Children with autism can have difficulties with communication skills, social interaction and repetitive patterns of behavior. Might they have difficulties with sleeping patterns as well?
A recent study found that children with autism slept less on average each night than children without autism.
The differences ranged from 15 minutes to nearly 45 minutes each night, depending on the children's ages.
The differences did not show up when the children were babies, but they began showing up in toddlerhood.
This study, led by Joanna Humphreys, MD, of the Hospital for Sick Children in Toronto, Canada, looked at the long-term sleep patterns of children with autism.
The researchers used data from an ongoing study in which 73 children had been diagnosed with an autism spectrum disorder (ASD) by age 11. The original ongoing study had a total of 14,062 children born in 1991 and 1992.
The parents had reported on the children's sleeping habits in questionnaires eight times from when the children were 6 months old to 11 years old.
The researchers compared how long the children with autism slept to how long the children without ASD slept each night.
The results revealed that the children with autism slept approximately 17 to 43 minutes less per day between the ages of 2.5 and 11 years old.
These differences remained after the researchers had taken into account differences that might occur based on sex, race/ethnicity, epilepsy diagnosis and a greater number of siblings.
There were no differences regarding the length of the children's sleep, with or without autism, when the parents had been asked about their children's sleep at 6 months and 18 months of age.
The differences only began showing up when the parents were asked at the check-up when the children were 2.5 years old.
The lesser amount of sleep among children with autism occurred only during their nighttime sleep, not during any daytime naps.
The children with autism tended to have later bedtimes and tended to wake up a little earlier.
For example, 2.5-year-old autistic children slept an average 17 minutes less each night than non-autistic children.
At age 3.5, the autistic children slept an average 28 minutes less than non-autistic children.

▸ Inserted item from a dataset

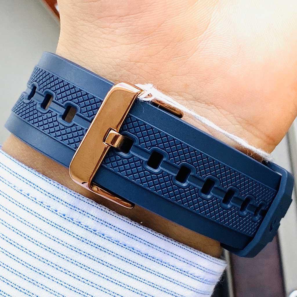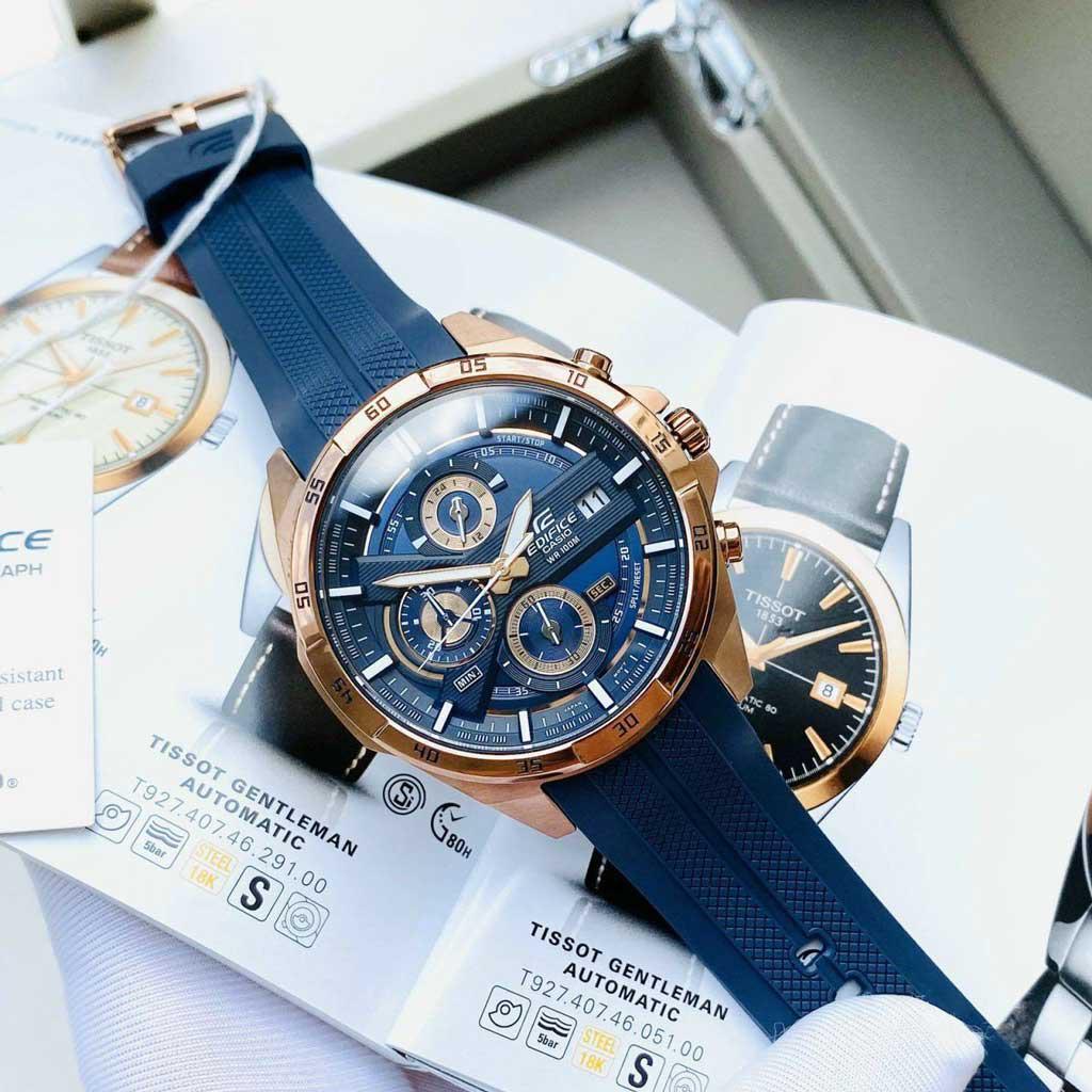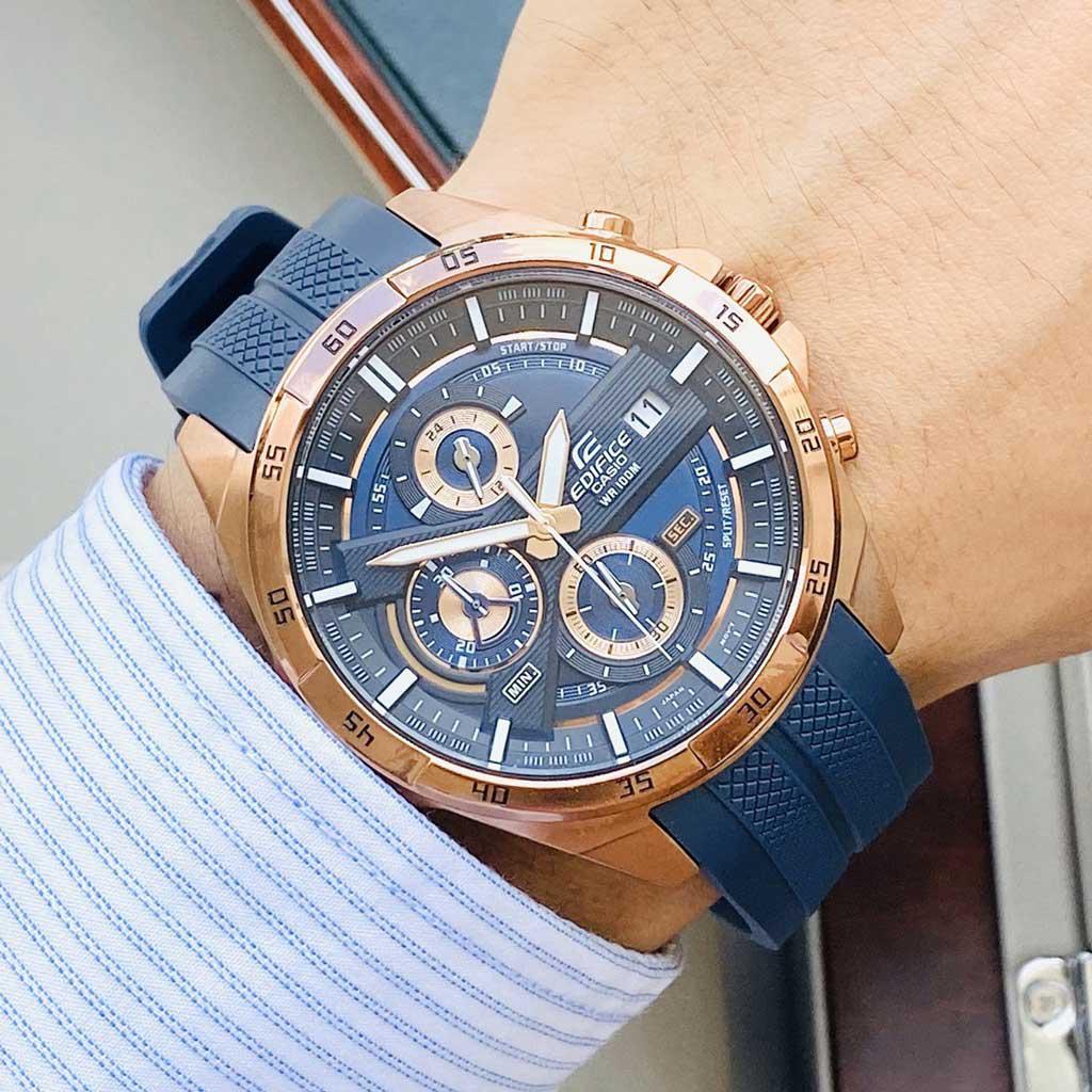 Casio Edifice EFR-556PC-2A Với thiết kế dây nhựa sợi cacbon cao cấp nằm trong bộ sưu tập mới nhất hiện nay. Dòng sản phẩm này được thiết kế đa số dành riêng cho phái mạnh với những chất liệu cao cấp như thép không gỉ cao cấp giúp sản phẩm khá bền bỉ. Sự kết hợp giữa màu xanh navy và các đường vạch mạ vàng hồng nổi trội phiá bên trong mặt đồng hồ.

The gap widened to 30 minutes when the children were nearly 6 years old and to 43 minutes when the children were nearly 7.
The lesser amount of sleep among autistic children was 26 minutes at age 9 and 20 minutes at age 11.
Children with autism spectrum disorders were also more likely than non-autistic children to wake up at least three times during the night.
While about 13 percent of the autistic children woke up at least three times a night when they were 2.5 years old, only 5 percent of the non-autistic children did at that age.
By the time the children were nearly 7, only 0.5 percent of the non-autistic children were waking up three times a night, compared to 11 percent of the autistic children.
Children between 18 months and 2.5 years of age who began sleeping less each night than the average amount for 70 percent of all children were more likely to be diagnosed with autism later.
The same was true for children who slept less than the broad average range for children between ages 2.5 and 3.5 years old.
The researchers suggested that the differences in sleep in autistic children may be related to brain differences that also affect their biological clocks.
"This research emphasizes the importance of assessing sleep disturbances early in children with autism spectrum disorders, to offer support and anticipatory guidance to parents and to consider the use of melatonin to reduce sleep latency," the researchers wrote.
Sleep latency refers to how long it takes a person to fall asleep.
William Kohler, MD, the medical director of the Florida Sleep Institute in Spring Hill, Florida, said past research has shown a link between sleep problems and a subset of children with autism.
"Previous studies have shown that 44 to 83 percent of children with autism spectrum disorders have significant sleep problems, though not all children with autism spectrum disorders do," he said.
"The other studies have shown that the good sleepers have less behavior problems and less affective problems than the poor sleepers," Dr. Kohler said. "So the correlation in the previous studies is that the poor sleepers were more likely to have affective problems."
This study was published September 30 in the journal Archives of Disease in Childhood. The research was funded by Guy's and St. Thomas' Charity. The authors declared no conflicts of interest.